Does anyone know when the draw results for sharpies and/or sage grouse are supposed to post? Has anyone received confirmation that they have drawn a tag yet?


----------



## xxxxxxBirdDogger (Mar 7, 2008)

30th.


----------



## HJB (May 22, 2008)

Man it sucks not being able to see a CC hit on this draw!!!! :evil:


----------



## gunrunner (Feb 1, 2008)

got the email today.
My son drew out but nothing for me.........
Man I love the Utah dwr!!!!!!!!! :evil:


----------



## bwhntr (Sep 12, 2007)

They flipped me the bird for Sage Grouse as well... :evil:


----------



## stucknmud (Dec 2, 2008)

WOW I thought I would go 0/5 this year.

SUCCESSFUL for hunt 101 WEST BOX ELDER COUNTY


----------



## katorade (Sep 23, 2007)

Got are email 4 sage grouse are going down.

Hopefully *()* -()/-


----------



## luv2fsh&hnt (Sep 22, 2007)

Me and my side kick and my uncle drew for sage and sharpies for box elder county.YEE HAW!


----------



## Me and Annie (Mar 3, 2008)

Success for me and my two boys on sage grouse, unsuccessful on cranes. Kind of wish it had been the other way around. Never killed a crane and already have wyoming sage grouse on the schedule.

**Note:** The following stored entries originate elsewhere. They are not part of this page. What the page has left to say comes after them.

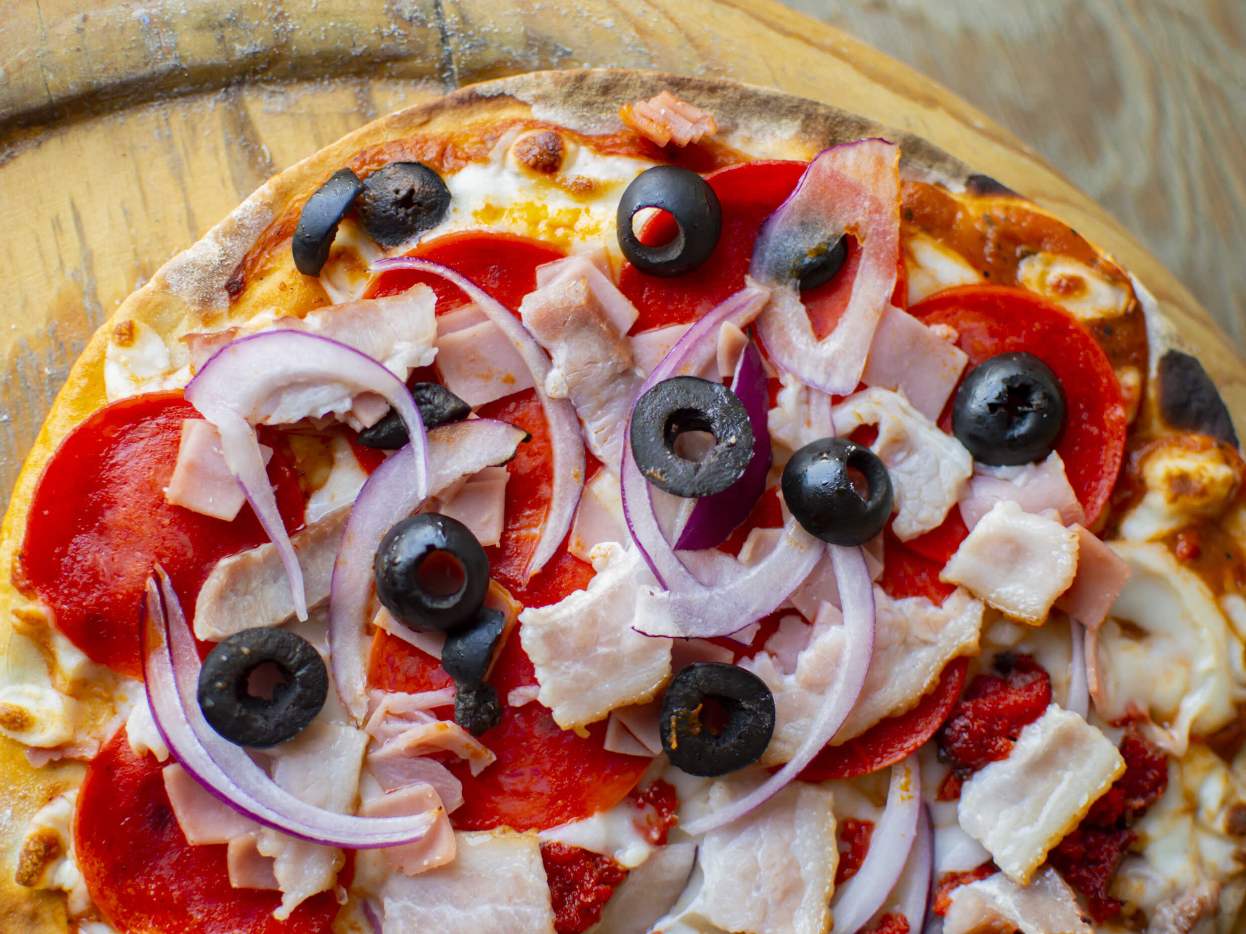 Masa romana de corte fino que resalta los sabores de salchicha, jamón, pepperoni, aceitunas negras y cebolla morada.Con un diametro de 20 cm (4 rebanadas proporcionales) ideal para 1 persona o niño.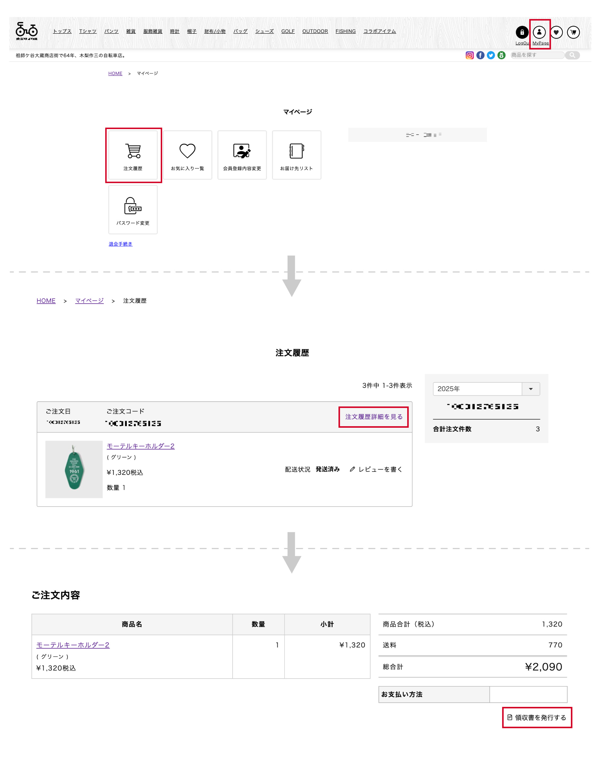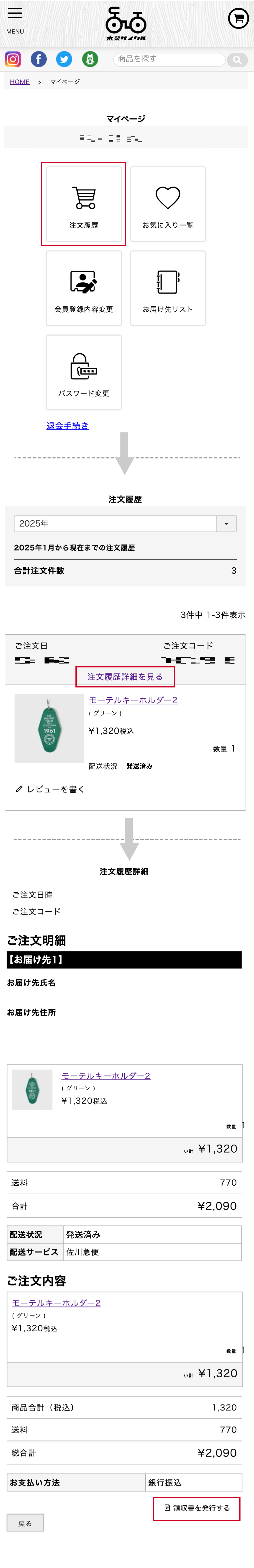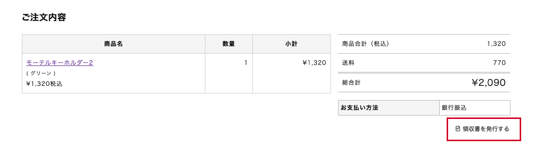 ②商品発送完了後、マイページ>注文履歴>注文履歴詳細画面より「領収書を発行する」ボタンが表示されます。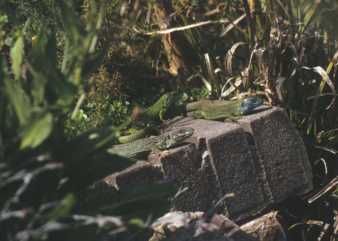 Dit verschilt natuurlijk per soort en hangt ook af van de grootte van de tuin. De meeste ervaring heb ik met smaragdhagedissen, ruinehagedissen (P. sicula) en enkele jaren met parelhagedissen (Timon lepidus). Sinds 1 jaar lopen er ook 7 Griekse landschildpadden (testudo Hermanni) door een deel van de tuin. Met name voor hagedissen is niet alleen de oppervlakte van de tuin, maar ook de inrichting en zonligging belangrijk. Voor smaragdhagedissen in de natuur is een gemiddelde homerange van 77m tot 125m vastgesteld. Het totaal gebruikte areaal kan wel tien tot twintig keer zo groot zijn! Dit bleek uit telemetrisch onderzoek bij smaragdhagedissen in Duitsland in het Rijndal. (Radiotelemetrische Untersuchungen zu Raumbedarf und Habitatnutzung der Lacerta bilineata. P. Sound, Dr. M. Veith, Instituut fur Zoologie, Universtat Mainz, Saarstrase 21, Marz 2000). Uit dit onderzoek blijkt ook dat de dieren een grote voorkeur hebben voor lage vegetatie (minder voor hoge vegetatie, open vlakte of rotsen).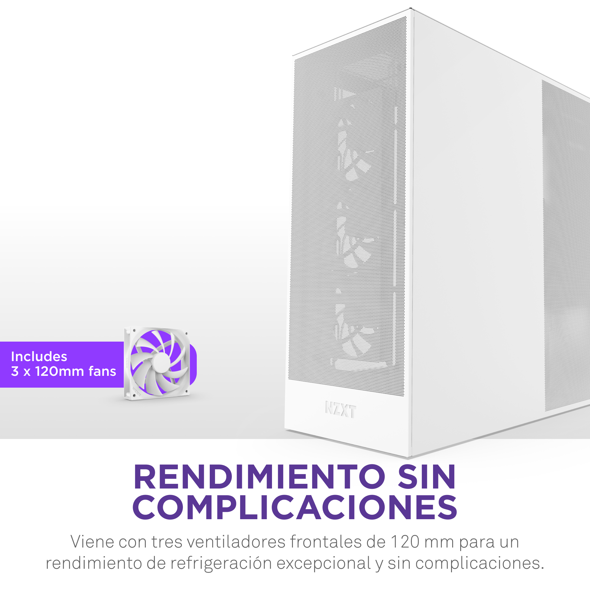 Incluye tres ventiladores de 120 mm en la parte frontal para una refrigeración excepcional desde el primer momento.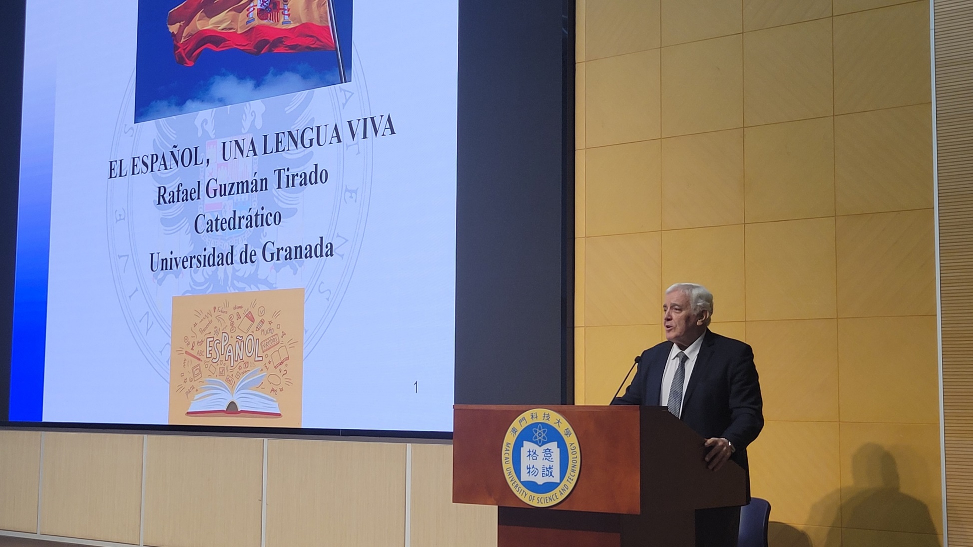 2026年4月13日,澳門科技大學國際學院西班牙語專業隆重舉辦「西班牙語日」活動。本次活動包括2025/2026西班牙駐香港總領事館語言文化推廣獎學金頒獎儀式與第十一屆塞萬提斯戲劇節,並邀請來自西班牙格拉納達大學的Rafael Guzmán Tirado教授為全體西班牙語專業師生帶來專題演講。是次活動旨在表彰優秀學生、促進西班牙語言文化交流,並展示教學成果,現場氣氛熱烈。

Not complaining they are great fun to hunt.


----------



## xxxxxxBirdDogger (Mar 7, 2008)

I drew both.


----------



## Size Matters (Dec 22, 2007)

My boy and I drew for Sage Hens should be a good time.


----------



## InvaderZim (Sep 7, 2007)

You rat bastards! :mrgreen:


----------



## Gumbo (Sep 22, 2007)

My son drew, but not me. If it weren't for my son, I'd never get to hunt!!


----------



## billybob (Oct 27, 2008)

Got mine in the mail yesterday too. Successful for sharpies and sage. That's the best luck I've ever had with any of these Utah draws.


----------



## stevo1 (Sep 13, 2007)

Got both Sharpies and sage. No on the crane, I have better luck on the powerball!


----------



## RJ-Max4 (Sep 11, 2007)

Successful for all three! 8)


----------



## crimson obsession (Sep 7, 2008)

Successful on the crane for the third year in a row!


----------



## Doc (Sep 11, 2007)

Nada for me and the boys


----------



## springerhunter (Apr 17, 2008)

Drew for sage grouse...now I just need to get out and find them. I have only hunted them in Idaho until this year.


----------



## botech101 (Jul 31, 2009)

Drew out for sharp tails in Hunt area 202 Cache county... Are there any birds left in the area? I've hunted Chukar only over the years and have no experince w/ sharpies, their habitat, habits etc... Any suggestions w/ respect to geo sites & access, web information is certainly appreciated. Please PM


----------



## FlightRisk (Jan 23, 2009)

Successful Bonus Point for Sharp-Tail!

Two young puppies . . . Golden Retriever and an English Setter

We'll get them next year!


----------